### Assigned task
Below are the records; repeat exactly their lines between the line holding "Artikelnummern: OT50001 OT90001 E-OT25B05" and the line holding "En affichant sa", inclusive, skipping the pictures.

### Dataset records
____________
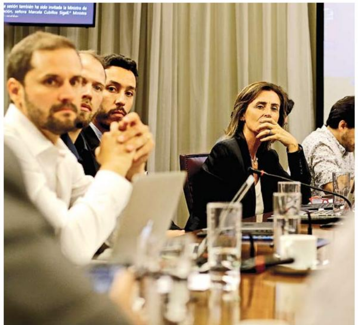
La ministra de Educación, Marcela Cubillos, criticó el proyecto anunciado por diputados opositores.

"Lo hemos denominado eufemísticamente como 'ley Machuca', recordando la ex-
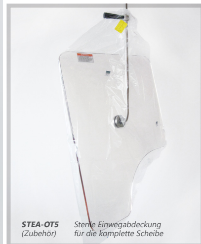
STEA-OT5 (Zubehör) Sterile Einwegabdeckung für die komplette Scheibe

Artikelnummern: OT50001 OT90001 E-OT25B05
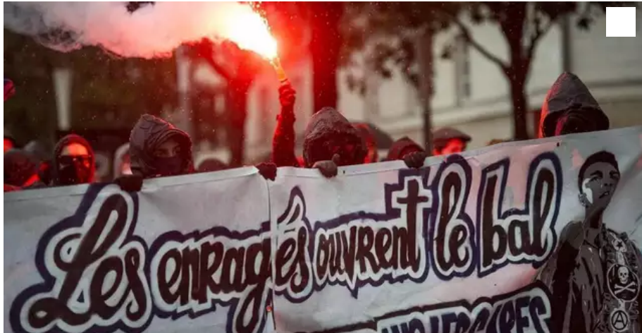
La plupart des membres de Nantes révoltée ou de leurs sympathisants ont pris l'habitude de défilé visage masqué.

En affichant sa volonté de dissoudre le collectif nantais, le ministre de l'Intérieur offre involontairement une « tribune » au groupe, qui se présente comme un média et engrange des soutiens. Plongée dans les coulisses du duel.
____________
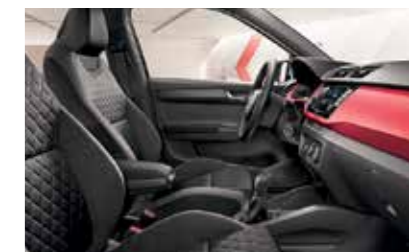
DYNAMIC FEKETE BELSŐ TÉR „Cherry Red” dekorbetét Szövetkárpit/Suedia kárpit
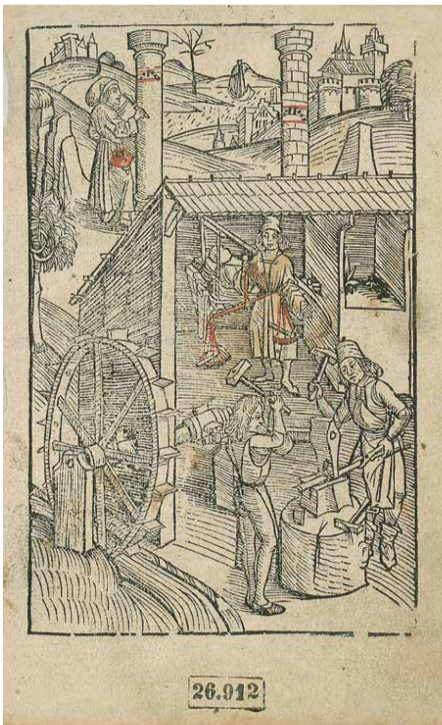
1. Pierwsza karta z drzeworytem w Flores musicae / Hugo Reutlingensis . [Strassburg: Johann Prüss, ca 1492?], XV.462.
____________
### Response
Artikelnummern: OT50001 OT90001 E-OT25B05
La plupart des membres de Nantes révoltée ou de leurs sympathisants ont pris l'habitude de défilé visage masqué.

En affichant sa volonté de dissoudre le collectif nantais, le ministre de l'Intérieur offre involontairement une « tribune » au groupe, qui se présente comme un média et engrange des soutiens. Plongée dans les coulisses du duel.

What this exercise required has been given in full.